Kara runs, memorizing yet more helpful Samoan phrases for the single traveler. Tu'u atu lou ma:navaga mulimuli: "Give your last breath." Mo le fatu o le taua: "To the seed of war." Ta:tou fai fa'atasi 'uma: "So say we all."
The door closes on Tigh, inside the launch tube; Galen nods at him, all black humor wiped from his sad, young eyes: Keep the faith. Tigh faces the closed door, his back to the night and to the firmament and to his death. Lee watches him silently.
Up in the sky, Gaius tries to get through: "Brute force did not work for you on New Caprica. It didn't work for you on the Algae Planet. So why is it gonna work for you now?" Three thinks, and mourns; the pain is how we learn. "Imagine a black stone and a white stone," he's saying, "And the space between them."
In that space, Kara runs.
Tigh waits. Lee swallows his heart. "Give me the key," he says, and Dualla does. The board goes red. The lights flash. Tigh doesn't look; Lee nearly weeps.
Kara runs. She should be in like Georgia by now.
Three is stricken; Eight is unsure as she confirms weapons lock on the civilian ships. Three is worried; the launch tube board is green. Tigh finally looks at him: "What are you waiting for, Apollo? Do it!" And Kara finally runs in, breathless and terrified, for all of them, and all of us. For Saul and for Sam and for Galen, she has run. "Lee, stop! Stop, stop!" She turns the key in his hand. "Those three frakkin' Cylons just gave us Earth!"
They stare at Saul through the glass; Saul stares back. Tell me chair.
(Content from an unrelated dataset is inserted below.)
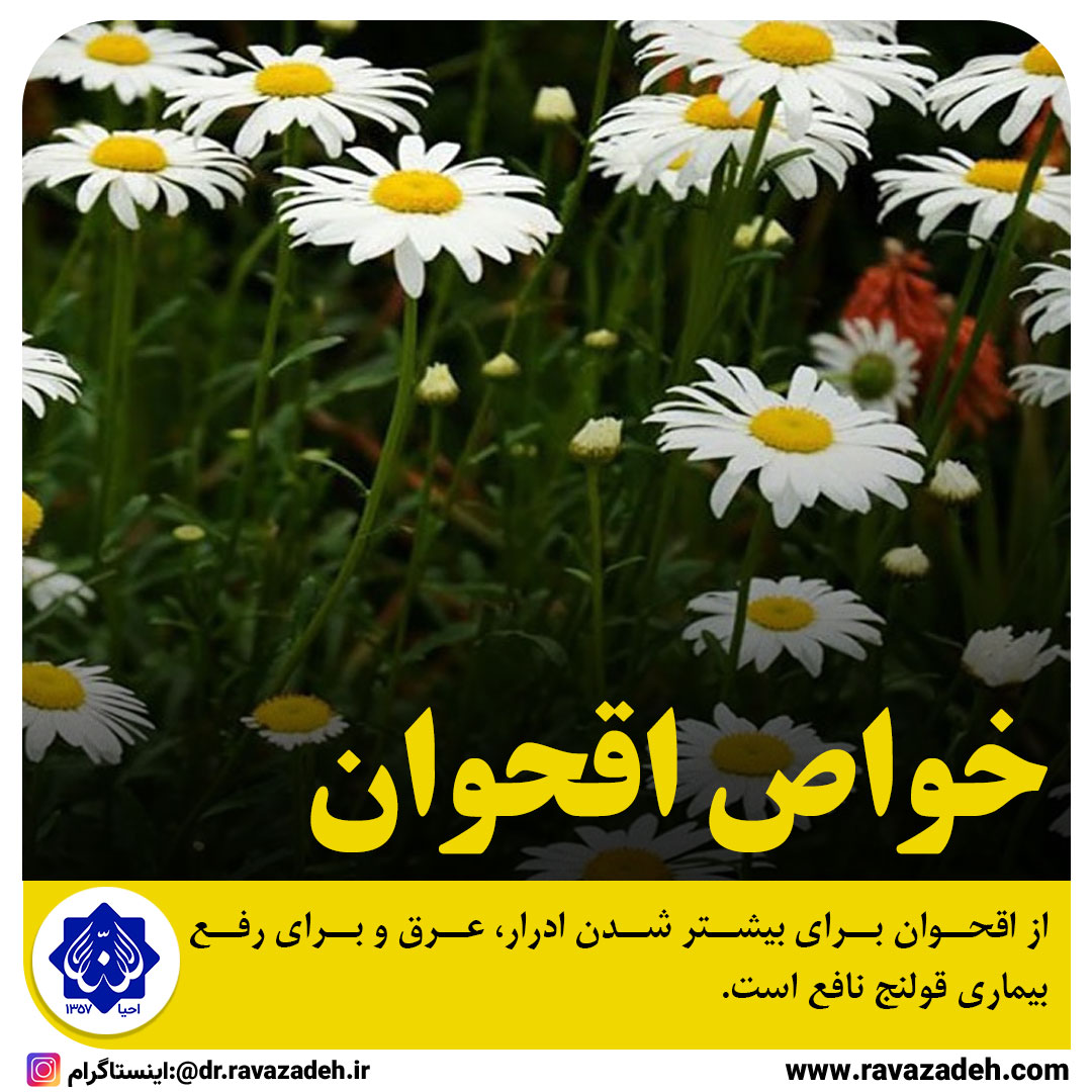 پخته شده آن در آب و نوشیدن آب آن همراه با آب و عسل ادرارآور بسیار قوی است و تحلیل برنده خون مردگیها در معده و مثانه است و تسکین بخش درد مثانه و معده است و اگر آب آن را همراه با گل آن با هم بخورند برای ریختن سنگهای کلیه و مثانه و گشودگی و برطرف کردن قولنج پرفایده است. و آبی که شکوفه اقحوان در آن پخته است، ادرارآور است و البته بازگشاینده خون حیض هم هست و حمول آن یعنی دربرگرفتن و استعمال آن برای بانوان برای جاری شدن خون حیض بسیار سودمند است و تحلیل برنده سفت و سخت شدن رحم و بازگشاینده گرفتگیهای آن و رفع بواسیر و دهانهها و تکمههای بواسیر است. و نشستن در آب آن جاری کننده خون حیض و پاک کننده رحم است و جهت رفع سفت و سخت شدن رحم مناسب است. طلا کردن آب آن بر روی بیضههای آقایان و اندام تناسلی آنها و کنارههای رانها برای تقویت قوای جنسی مناسب است. و اگر از آن ضمادی (پماد و روغنی) بسازند و بر روی پارچهای بمالند و بر روی اندام بگذارند برای رفع درهم پیچیده شدن اعصاب و نیز دفع زهر جانوران گزنده و سمی مفید است و اگر همراه با موم و روغن بر روی دوساق پا بگذارند سختی و تورم ساقهای پا و یا اندامهای دیگر را از بین میبرد.

JUST GET CONVINCED ALREADY, PART 1
On the hangar deck -- while, I guess, the Cylons just kind of sit tight and think about some stuff, or just chat about stepping back from the brink of a fourth nuclear annihilation of humanity, or like answer their emails -- Lee watches the Viper's needle; how it goes around and around. "Well, it's a Colonial emergency locator signal. And no other wireless in the Fleet is picking this up?" Kara nods: Gaeta confirmed it, the channel's otherwise empty. "It's gotta be a signal from Earth," she says, which Lee pronounces "reaching" because suddenly he's going to Scully of all people Kara Thrace. I mean, I guess I can see that now that he's pretty much the President and the Admiral for the next hour or two he's getting hardcore and suddenly empirical or whatever, but maybe that's reaching too.
Then, then, the thing I hate most in the entire universe of television, where it Makes Sense Don't It, and basically what I am not recapping in this paragraph as Lee climbs down out of the magical mystery Viper is Kara recapping the entire torturous history of her whole thing with the dying and the Earth and the visions and the painting and the Hybrid and whatever, and Lee -- again, out of nowhere -- goes, I'm not kidding: "And now we're starting to get messages from the beyond." All snide. As though he has never seen one second of this goddamn show, he says this. Dude, we've been getting "messages from the beyond" since before the show started, and you know that. You committed sedition and led a mutiny that split the Fleet in thirds and turned you against your own father because of them, you visited Kara in the brig a few episodes ago to congratulate her on them, and then admitted your own self that you were leaving the military and embarking on a political career out of nowhere because of them. Of all the bastards on this show to be the straw-man for this scene, I ask you. For being such a good Apollo episode this sure is a shitty Apollo episode.